Occasionally when a couple in Virginia divorces they will agree to sell their family home and divide the proceeds. However, it is often the case that one spouse will keep the family home, especially if the couple has children living there. When this happens, couples will need to decide how to handle the mortgage once their divorce is complete.
One option is to keep the original mortgage as held by both spouses jointly, even though only one of the spouses is living in the home. This might work out for couples who trust each other despite their divorce. However, there are risks. If the spouse living in the home misses a mortgage payment, the other spouse could be held responsible for the payment, and the missing payment could affect both spouses’ credit — even that of the spouse who doesn’t live in the home.

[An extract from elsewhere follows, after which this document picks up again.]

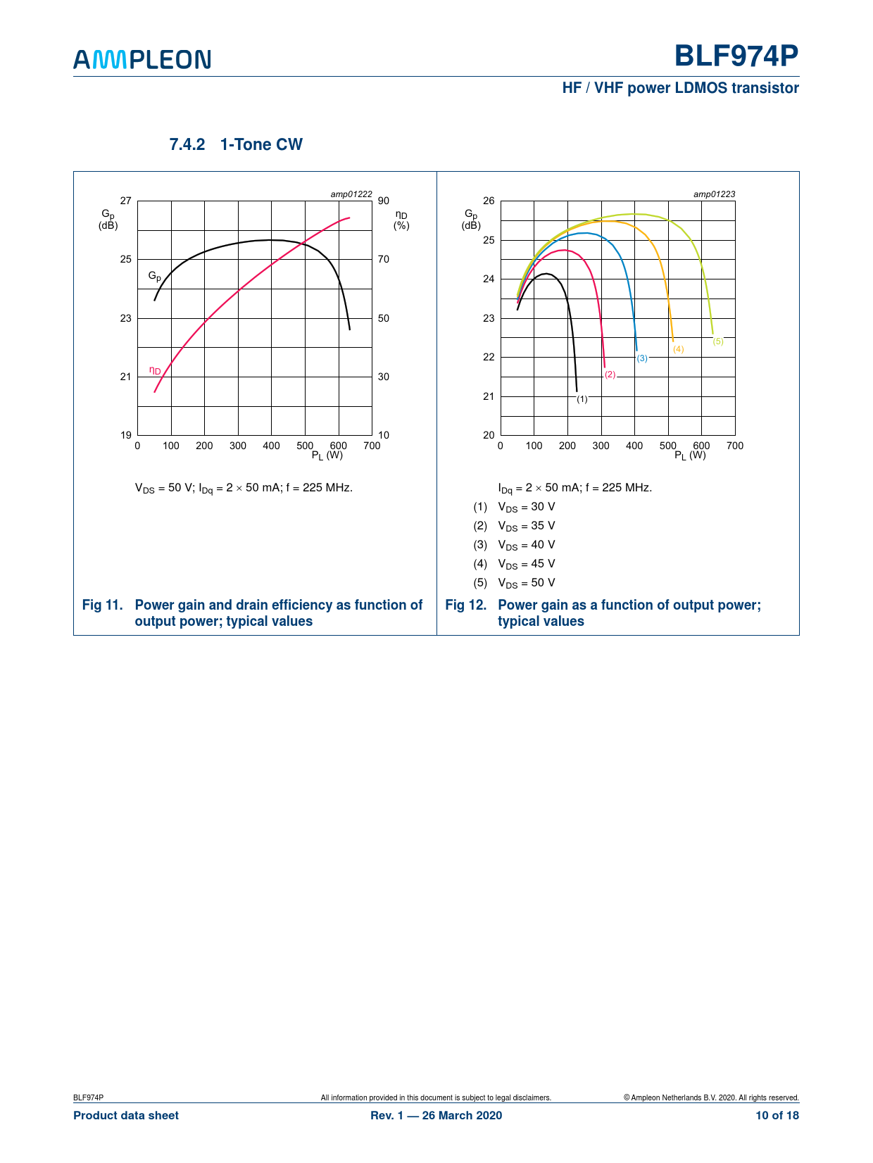 | Páginas / Página | 18 / 10 — BLF974P. HF / VHF power LDMOS transistor. 7.4.2 1-Tone CW. Fig 11. Power … |

Because the spouse who does not keep the home in the property division process generally does not want to be responsible for paying the mortgage, refinancing might be a good option. The party keeping the marital home will refinance the mortgage in his or her name only. Doing so means that the party who does not keep the home is no longer responsible for paying the mortgage.
Finally, sometimes it is possible for the parties to assume the loan. When a loan is assumed, the spouse who is not awarded the family home will have his or her name removed from the mortgage, but the spouse who is retaining the family home will not have to refinance. Doing so might be good if the current mortgage has a good interest rate. However, there are assumption fees to be paid, and not all mortgages can be assumed, especially those issued after 2008. Also, the spouse whose name is staying on the mortgage will need to provide documentation that he or she can afford to pay the mortgage on his or her own.
As this shows, couples have options when it comes to the mortgage post-divorce. These options should be considered during the property division process, so that a fair and appropriate result can be reached.